I then asked her if she could remember this I don’t want this, I don’t want to be treated like this feeling in the moments when she felt herself putting on the Teflon suit. This refuge of self and self-compassion could then be home for Mary, a destination she could go instead of having to step outside herself and into the pretender. Her self-caring truth was safe ground for her in the present moment when the unkindness was happening, and this is what she had been missing.

What we need in these situations, when we’re really struggling, is self-compassion. We don’t need more judgment or more strategies for figuring out the situation. Yes, we need to address the other person and their behavior, and yes, we need to decide if and how we can live with this situation if it’s not going to change. But in the moments of triage when we’re really suffering, what we need most is our own loving kindness. In offering Mary permission to let herself have the experience she was having and also, pointing her towards her own self-loving experience of I don’t want this, Mary was able to return home to herself and to her ground. While the situation on the outside might have been the same, her inner world had profoundly transformed. She had somewhere to go inside herself now, a refuge in which she could live in the truth in the midst of whatever was happening in her outer environment.

Furthermore, I knew that Mary’s body-knowing of I don’t want to be treated this way would prove to be a far more powerful guide and motivator than anything our minds could come up with. I trust and know (from experience) that when we let things be as they are, feel what we’re actually feeling, without judgment, and simultaneously allow ourselves to feel the heart’s authentic I don’t want this, the process itself reveals our next right step; we are led to know what we need to know. How and why this happens remains for me the great mystery and magic that is this thing we call truth.
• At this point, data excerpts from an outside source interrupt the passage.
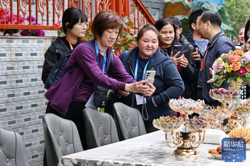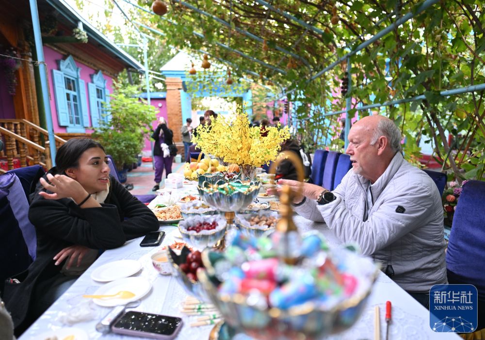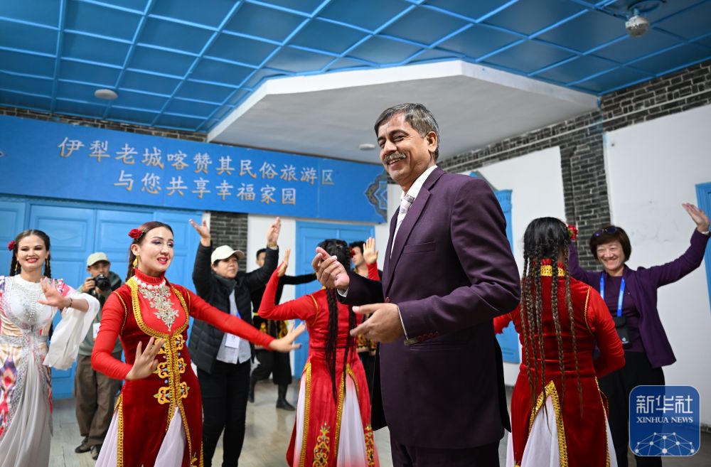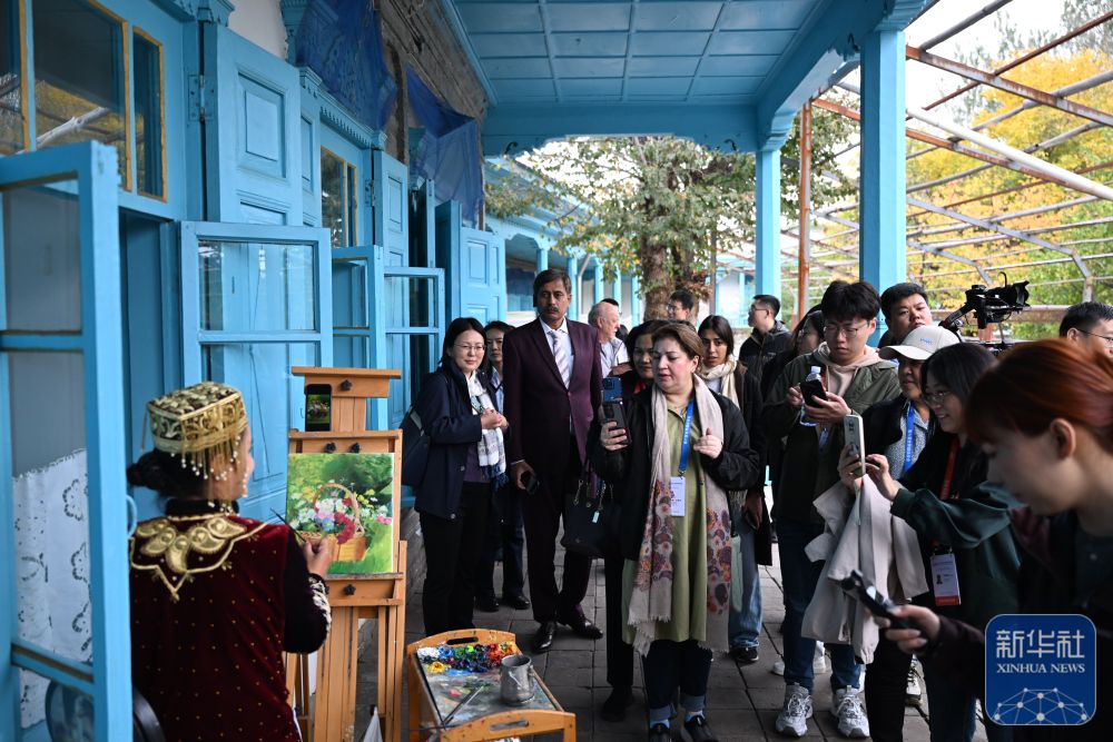 10月15日,與會嘉賓在伊寧市喀贊其民俗旅游區(qū)參訪。 新華社記者 李響 攝
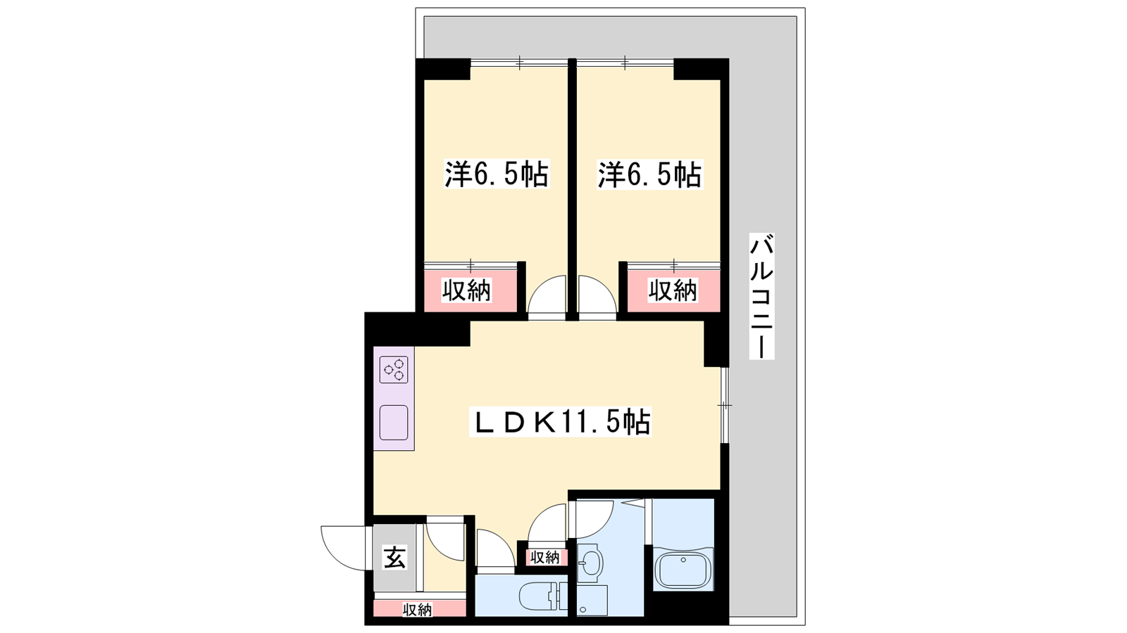 - LDK11.5帖、洋室6.5帖、洋室6.5帖
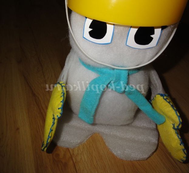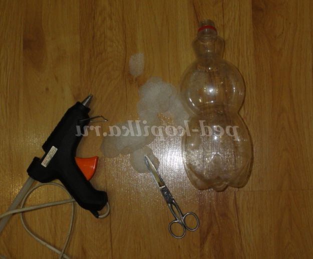 пластикова пляшка, синтепон, підкладка для ламінату, серветки віскозні,оракал, олівець, ножиці, клейовий пістолет, степлер, голки, нитки, кольорова стрічка і гарний настрій.
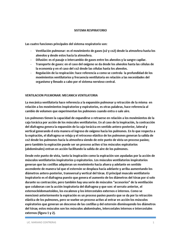 estructural del sistema respiratorio). Antes de que se genere la inspiración, el valor de la
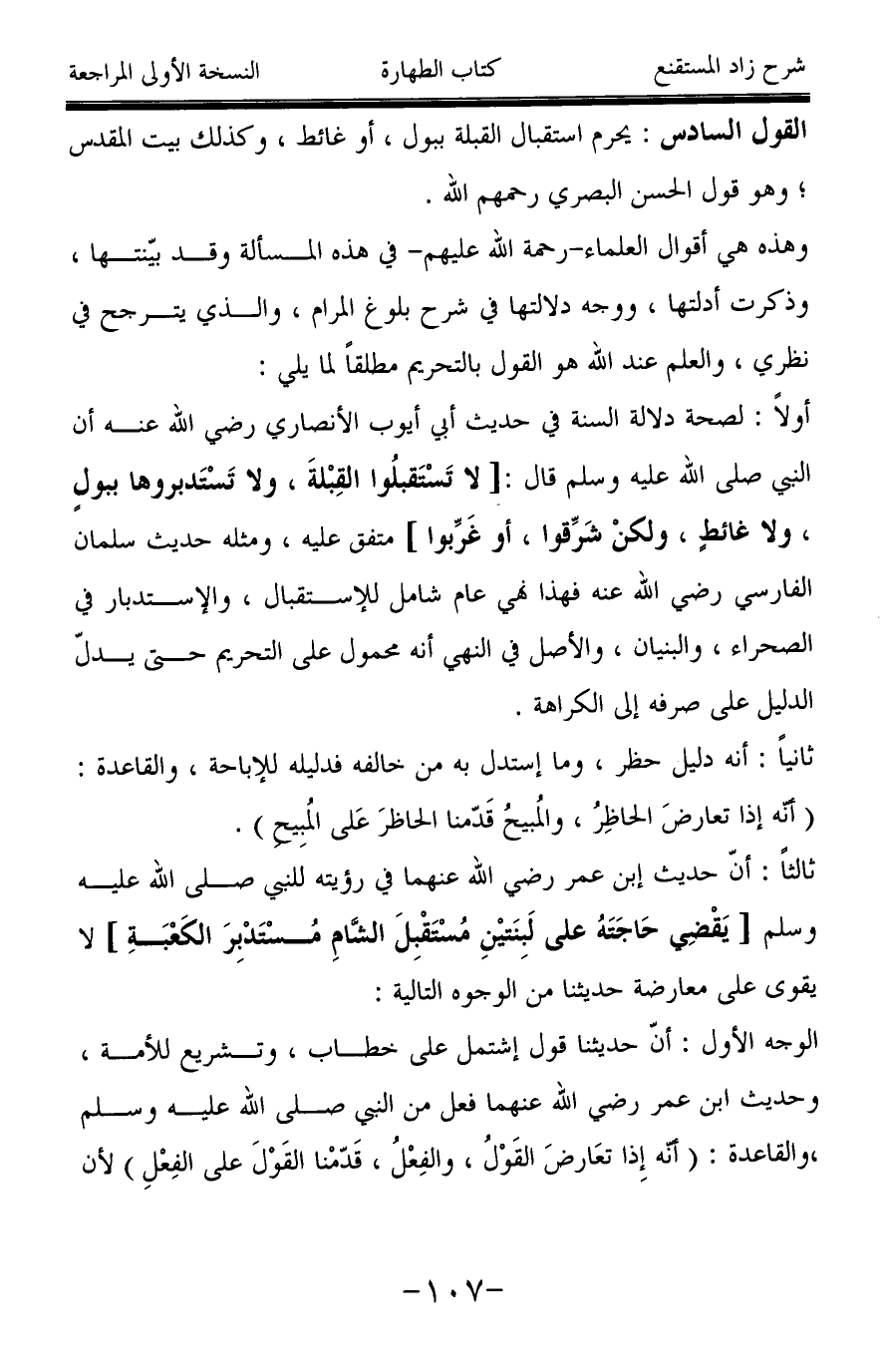 ثالثاً: أنّ حديث إبن عمر رضي الله عنهما في رؤيته للنبي صَلَّى اللَّهُ عَلَيْهِ وَسَلَّمَ [يَقْضِي حَاجَتَهُ على لَبِنَتيْنِ مُسْتَقْبِلَ الشَّامِ مُسْتَدْبِرَ الكَعْبَةِ] لا يقوى على معارضة حديثنا من الوجوه التالية:
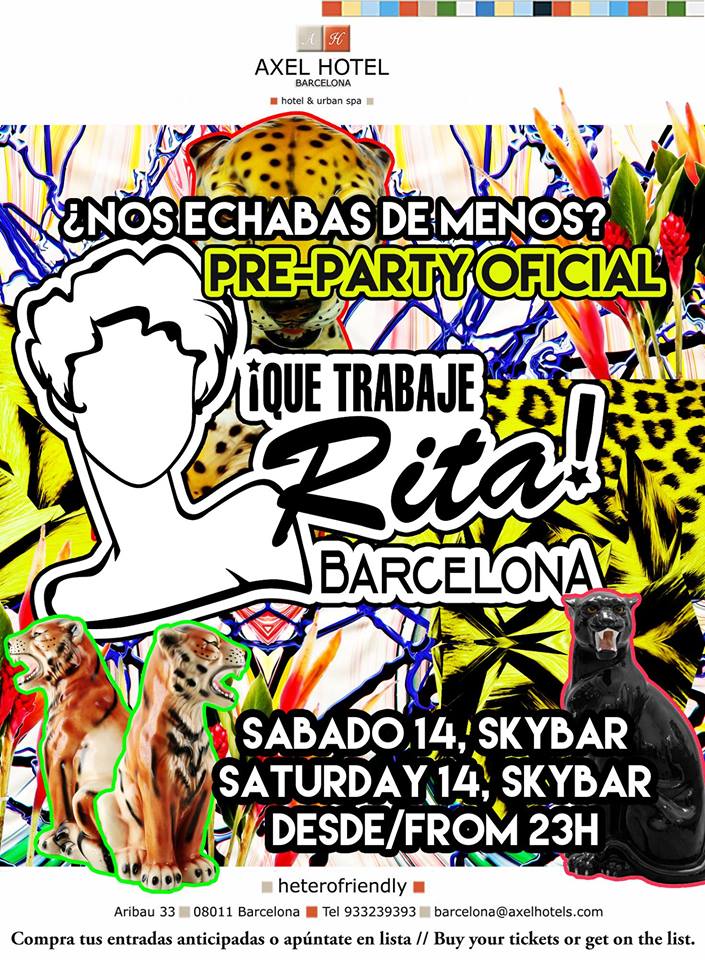 Por si acaso no puedes comprar la entrada ANTICIPADA PREFERENTE en TDTicket.com o no tienes amigos que te apunten en lista, este sábado 14 de noviembre por la noche todo el equipo que ya esté en Barcelona te espera en el SkyBar del Hotel Axel (C/Aribau) en la PRE-PARTY OFICIAL de ¡QUE TRABAJE RITA!
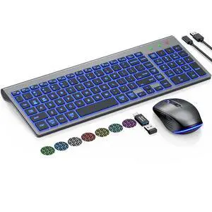 SABLUTE Wireless Keyboard and Mouse Combo Slim Quiet Backlit Space Gray Keyboard with RGB Mouse, Dual-System for Mac & Windows, Rechargeable Portable Cordless Set for Home Office
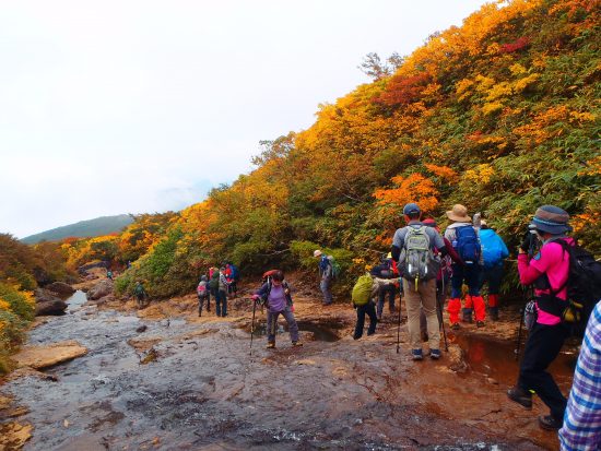 「紅葉の栗駒山」をTVで放映された為か、紅葉も人出も最高で、暫らく振りに見る見事な紅葉をたっぷりと味わえました。下山のコースへは続々と登ってくる人をかきわけ、避けながら泥んこの沢を下りました。
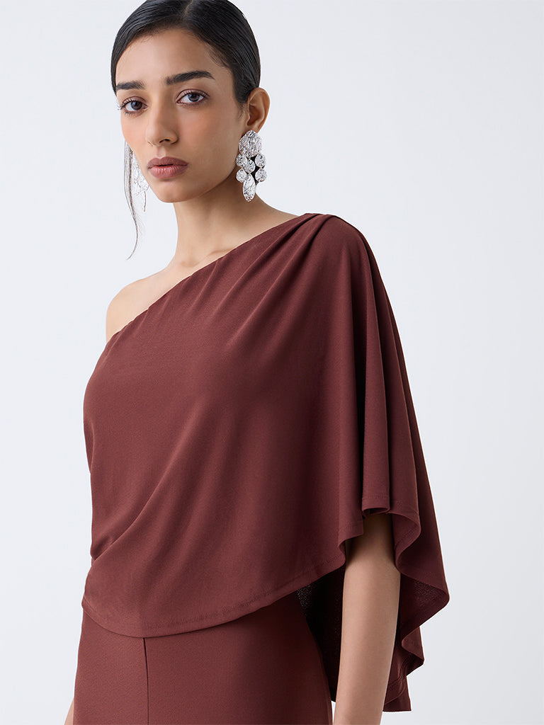 Wardrobe Brown Solid One-Shoulder Jumpsuit
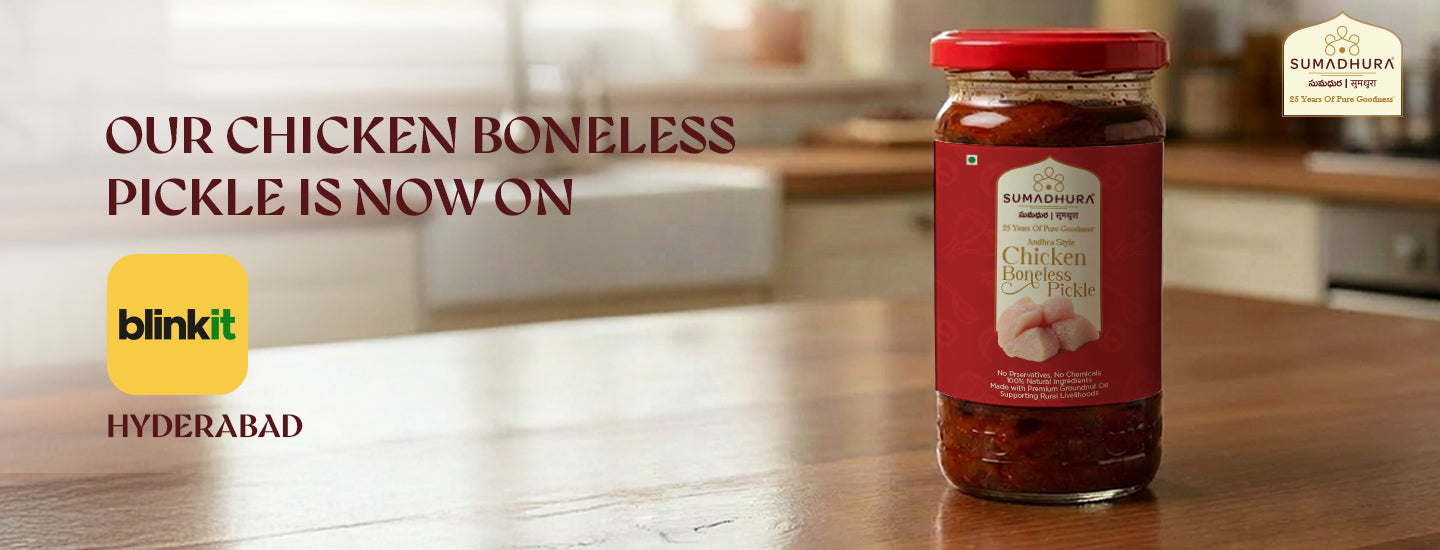 If you’re craving sweets, your spice buds are tingling, or you’re longing for authentic pickles and podis, look no further. Made with the traditional recipe of our Ammamma from Guntur, with the perfect blend of ingredients and served with love, we bring you Sumadhura Foods—your one-stop shop for sweets, snacks, pickles, and podis!
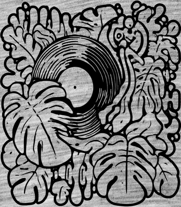 Vinylová džungle, černý tisk. Nádherný abstraktní kousek pro všechny milovníky starých dobrých časů a hudby z gramofonu. Naprosto perfektní a stylová volba pro dýdžeje, sběratele desek a fanoušky hudebního vintage designu. Tričko, tílko, mikina, kšiltovka, zástěra, hrnek, hrneček, půllitr, plechový hrnek
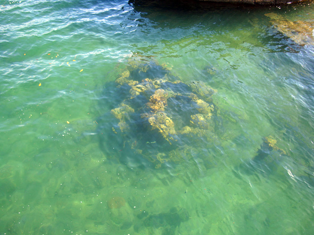 And now it rests below. After its sinking, the parts of the ship that were still above the water line were cut away for use as salvage and scrap metal.
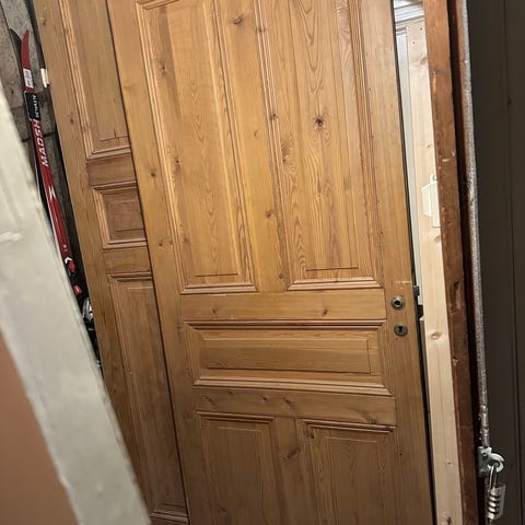 Den är inköpt från bygghemma för en månad sen. speglad dörr i obehandlad furu. 80x200.

Tips for Dealing with Passive Aggression

  1. Don’t fall into guilt.The passive-aggressive character will play the part of the victim. Be mindful not to step into the role of the perpetrator, the bad one. Remind yourself, you are not that.
  2. Give yourself permission to have the experience you’re having, to be affected by their behavior. When we’re around aggression (regardless of whether it’s direct or buried), we feel it. Don’t judge yourself for having a response; it comes with being human!
  3. Tap into self-compassion.Feel your heart’s genuine I don’t want to be treated this way. Drop into this feeling on your own, and when their behavior is unkind. It’s your refuge; let it guide you in how to respond.